Multiple sclerosis (MS) is a chronic inflammatory, neurodegenerative, and demyelinating disease of the central nervous system (CNS) affecting approximately 2.8 million people worldwide [1]. It is associated with an important economic burden for society and has a significant impact not only on the quality of patient’s life, but also on their cognitive functions and emotional state [2, 3].

In recent years, new and increasingly effective drugs have been approved for the treatment of MS. The range of highly effective drugs now encompasses the following: ocrelizumab, ofatumumab, natalizumab, alemtuzumab, and mitoxantrone. The following are moderately effective: fingolimod, siponimod, dimethyl fumarate and cladribine. Other drugs include teriflunomide, β-interferons, and glatiramer acetate [4].

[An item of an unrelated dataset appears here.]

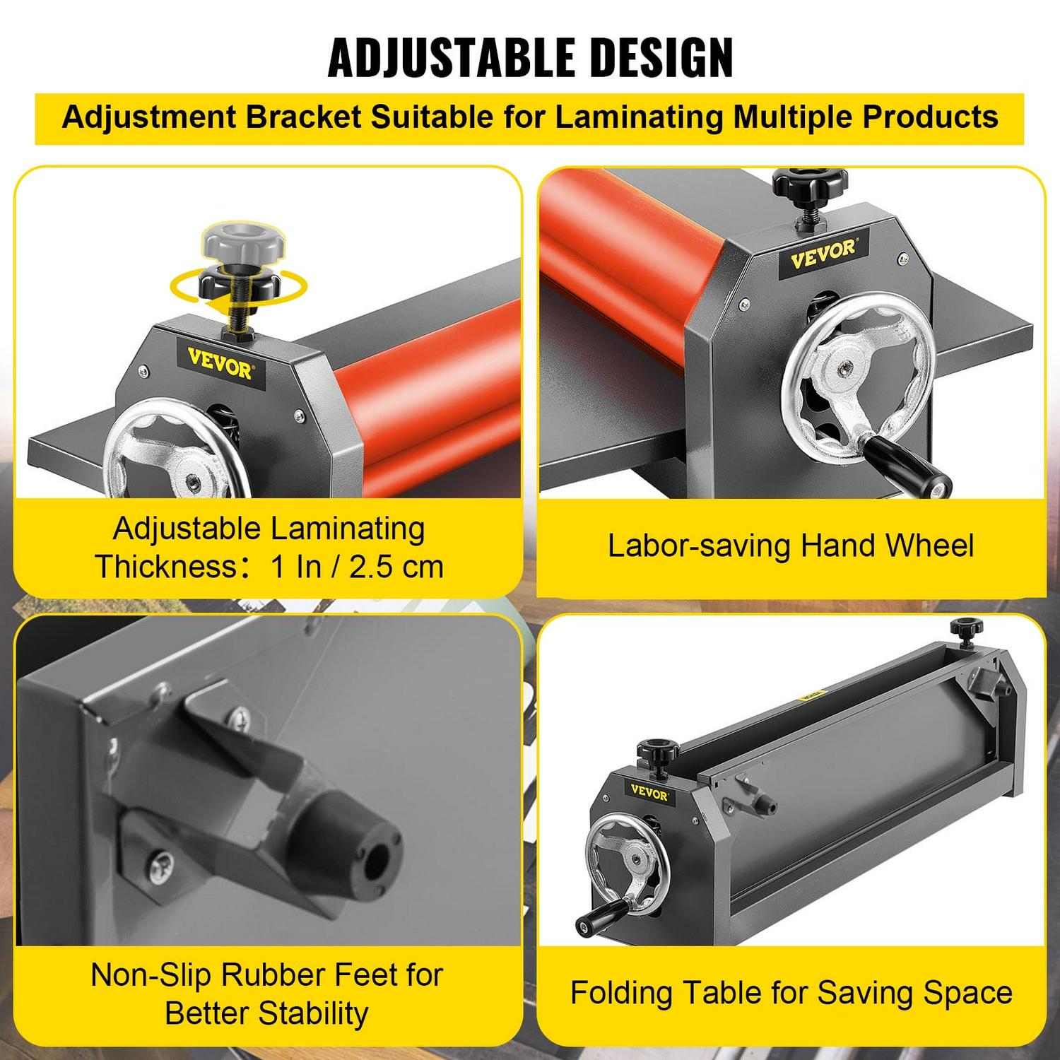 – ADJUSTABLE & FOLDING – Hand crank laminating machine adapts the adjustable roller position, suitable for various material thicknesses; the folding table is convenient for storage and easy to use.

The demand for highly effective and well-tolerated drugs for various types of the disease at onset still remains crucial despite new methods of treating MS. Bruton’s tyrosine kinase inhibitors (BTKi) are being developed in the hope of meeting this unmet need.

Currently, MS is considered as an autoimmune disease of the CNS, in the pathogenesis of which B-lymphocytes play a leading role, having several links of influence [5]. Recent studies have proven that B-lymphocytes participate in the presentation of autoantigens to T-lymphocytes, causing their activation and proliferation [5].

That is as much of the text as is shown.